这篇三千余言的文字,后来被史学家称为中国历史上第一份内容详实、态度诚恳的帝王“罪己诏”:

《轮台诏》。

这是一个“败家子”的醒悟时刻,也是一个庞大帝国被迫的“战略收缩”。


至暗时刻:英雄的黄昏

要理解这份诏书的分量,得先看清这个老人此刻所处的绝境。

两年前的巫蛊之祸,是这个家庭和这个帝国的分水岭。

一夜之间,把他和前半生的一切隔在了两个世界。

征和二年(前91年)的夏天,长安城热得像蒸笼。

绣衣使者江充持节入宫,在太子宫里挖出了桐木人偶。

太子刘据无法自证清白,被迫起兵,与丞相刘屈氂的军队在长安城中血战五日。

五日。数万人死。

皇后卫子夫自尽于椒房殿。

太子刘据携两个幼子逃亡,最终在湖县(今河南灵宝)的一户农家藏匿。

地方官围捕时,太子自缢,两个皇孙被杀。

作为帝王,他失去了花费三十年培养的法定继承人,朝堂上暗流涌动;

作为父亲,他白发人送黑发人,且是亲手所害,那个告发太子的江充,是他最信任的耳目。

更残酷的是真相的降临。

一年后,守卫高祖陵寝的郎官田千秋上书,为太子鸣冤:

子弄父兵,罪当笞;天子之子过误杀人,当何罢哉!臣尝梦见一白头翁教臣言

翻译成大白话就是:儿子动用父亲的军队,最多打板子。天子之子误杀了人,算什么罪?

老人愣住了。

他召见田千秋。这个没有任何背景的小吏说:“臣做梦,梦见一位白头老翁教我这么说。”

白头老翁。
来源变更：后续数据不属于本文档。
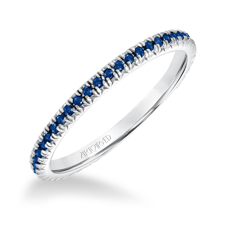 Artcarved Bridal Mounted with Side Stones Contemporary Stackable Eternity Anniversary Band 14K White Gold & Blue Sapphire - 33-V88K4W65S-L.00
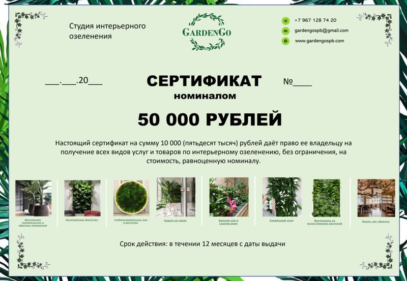 Обладатель сертификата сможет использовать его на все виды услуг и товаров, предлагаемых компанией: от покупки комнатных растений и кашпо до заказа комплексного озеленения интерьеров, создания фитостен или оформления мероприятий.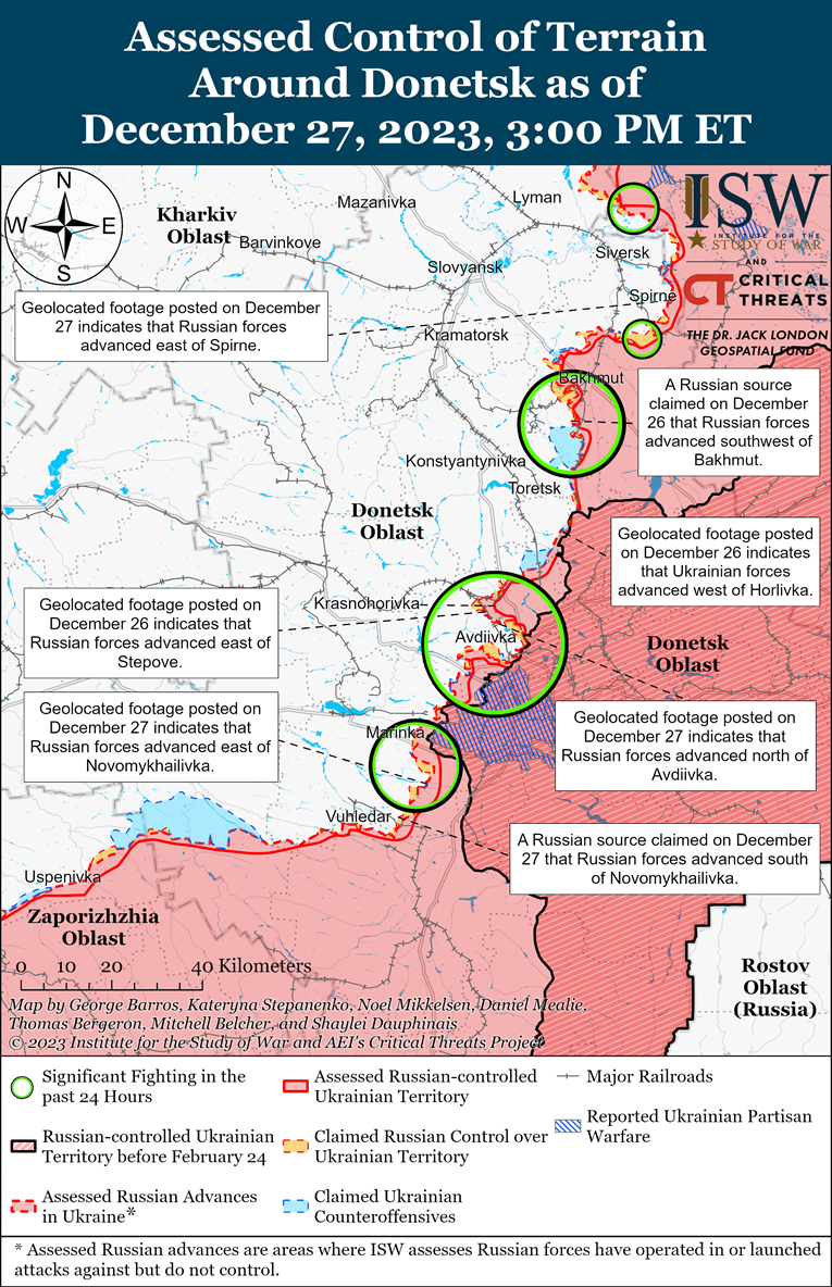 27 грудня російські війська, ймовірно, продовжили зміцнювати контроль над Мар'їнкою і нещодавно досягли успіхів на південний захід від Донецька.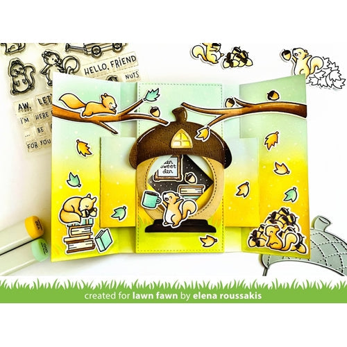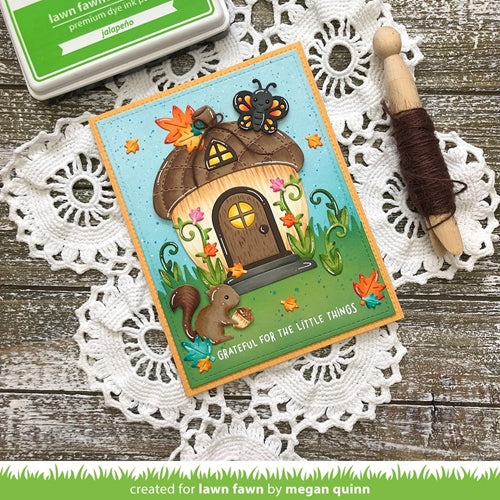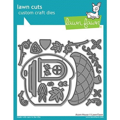 Create a cute acorn house perfect for woodland critters and magical creatures! Decorate it with vines, flowers, and leaves to create your perfect woodland home. Approximate sizes are in inches: assembled acorn house with cap: 3 x 3.25, large leaf: 0.875 x 1, small leaf: 0.575 x 0.75, door: 1.25 x 1.5, steps: 2 x 0.375, window: 0.625 x 0.5, tall vine: 0.625 x 1.5, and short vine: 0.625 x 0.75.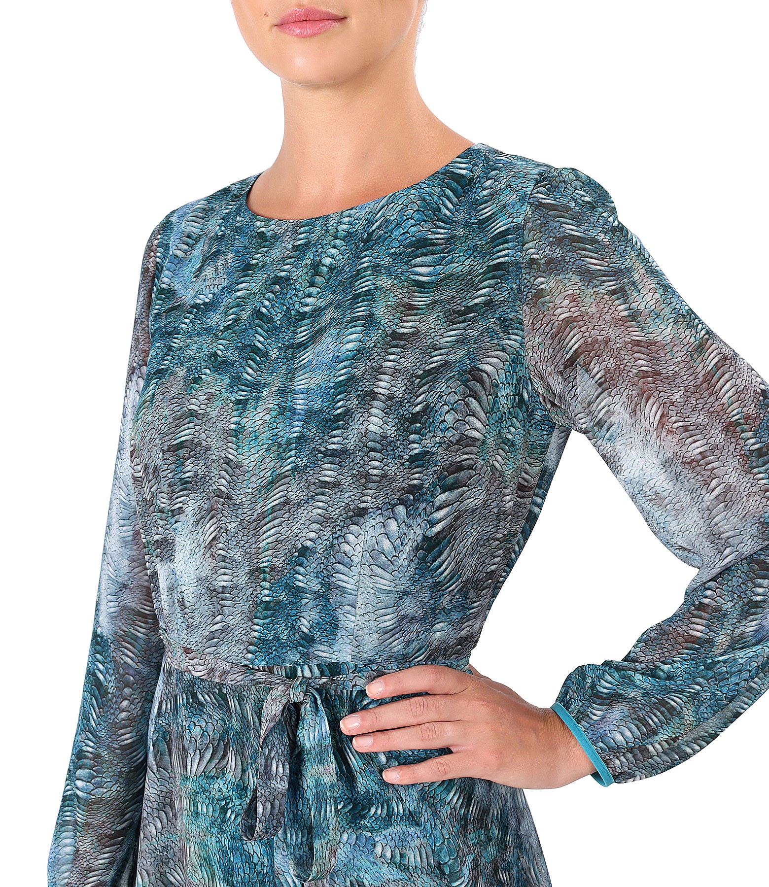 Elegant veil dress, doubled with viscose, with long sleeves wrinkled at the end, round neckline and waist cord. Closes with a hidden zipper on the middle back.
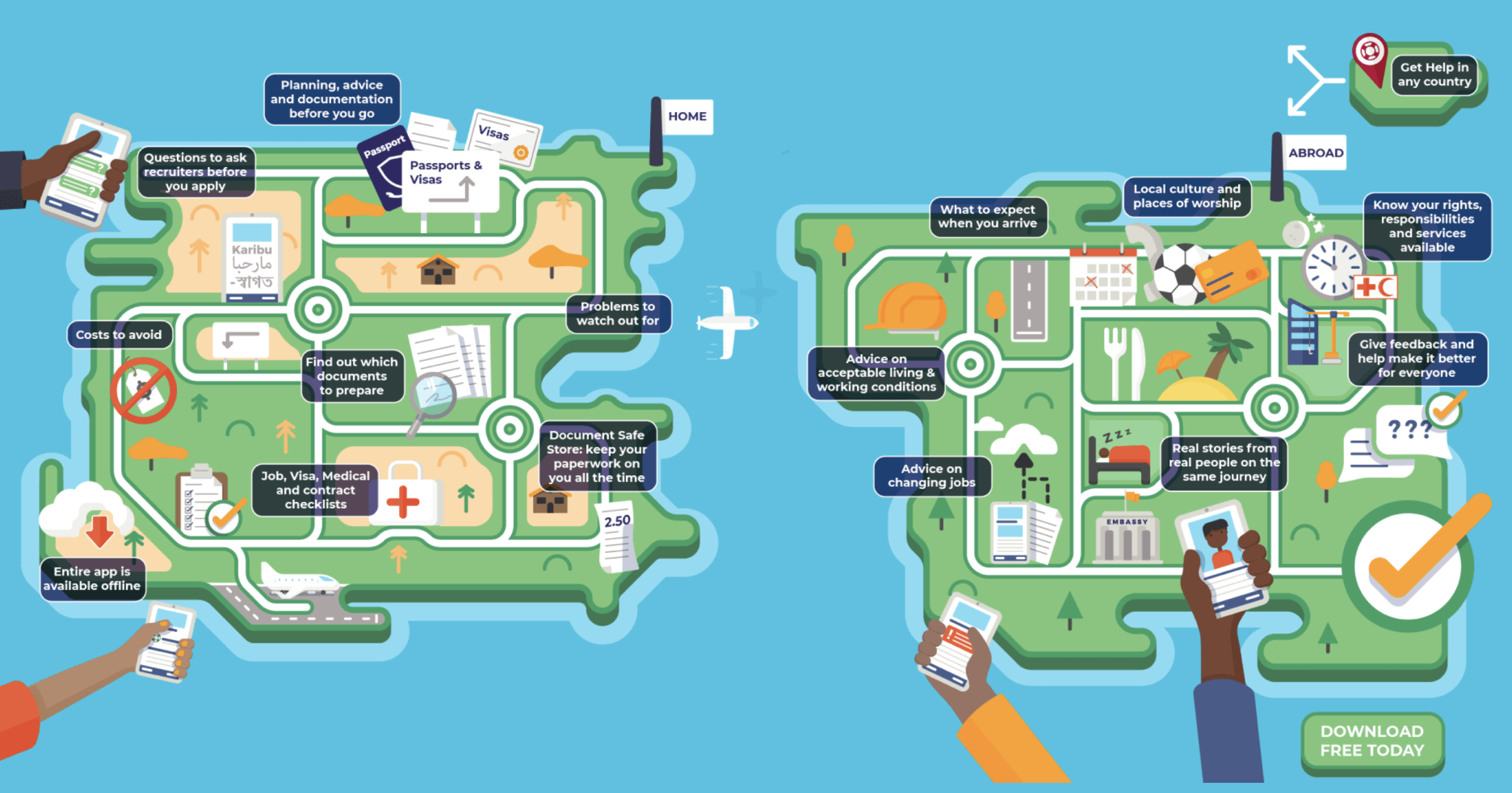 21 June, 2022Migrant workers planning on finding work or already working in Mauritius can find information about their rights at work, health and safety, and living wages on an interactive mobile app accessed on their smartphone.

那是高祖托梦。

老人哭了。

他对着这个陌生的年轻人说:

父子之间,人所难言也,公独明其不然”。

——我们父子之间的事,外人难以言说,唯独你明白这其中的委屈。

他下令族灭江充全家,在湖县那个逼死太子的地方,筑起了一座“思子宫”,又建了一座“归来望思之台”。

可太子回不来了。

史书上只留下一句:“上怜太子无辜。”

寥寥六字,背后是无数个难以成寐的夜晚。

与此同时,帝国这台战争机器已经运转了近五十年。

北击匈奴,南平百越,东定朝鲜,西通西域

每一场胜利都在消耗着文景之治留下的家底。

司马迁写《史记》时,用四个字形容当时的民间景象:“海内虚耗”。

更可怕的是,国内起义此起彼伏,官员们抓了一批又一批,却如野草般烧不尽。

最讽刺的是,就在桑弘羊上书的同一年,贰师将军李广利率六万余大军出击匈奴。

这曾是老人最寄予厚望的将领(注:李广利的妹妹李夫人是他晚年最宠爱的妃子)。

结果,最后李广利兵败投降匈奴,这是汉朝对匈奴作战以来,最惨痛的失败之一。

开疆拓土的梦想,在这个秋天,碎了一地。

这就是《轮台诏》诞生的背景:

一个英雄迟暮的老人,一个四面楚歌的帝国,一个不得不面对的真相:

我之前的玩法,行不通了。


急刹车:一份诏书的重量

让我们走进这份诏书。

桑弘羊的建议,从纯粹的军事角度看,无可厚非。

轮台位于西域咽喉,屯田驻军,确实可以巩固战果,继续向西。

但汉武帝的回答,出乎所有人的意料。

他先回顾了过去的战争。

他提到贰师将军李广利的失败:

朕发兵贰师六万余人,非乏少食也,计不终终,将军不能前。”

他提到汉朝将士的牺牲:

军士死略离散。”

他还提到长途运输的艰难:

廪食不至。”

然后,他说了一段石破天惊的话:

“曩者,朕之不明……当今务,在禁苛暴,止擅赋,力本农。”

翻译成今天的话:当前最重要的任务,是禁止苛刻暴虐的法规,停止擅自增加的赋税,全力抓好农业生产。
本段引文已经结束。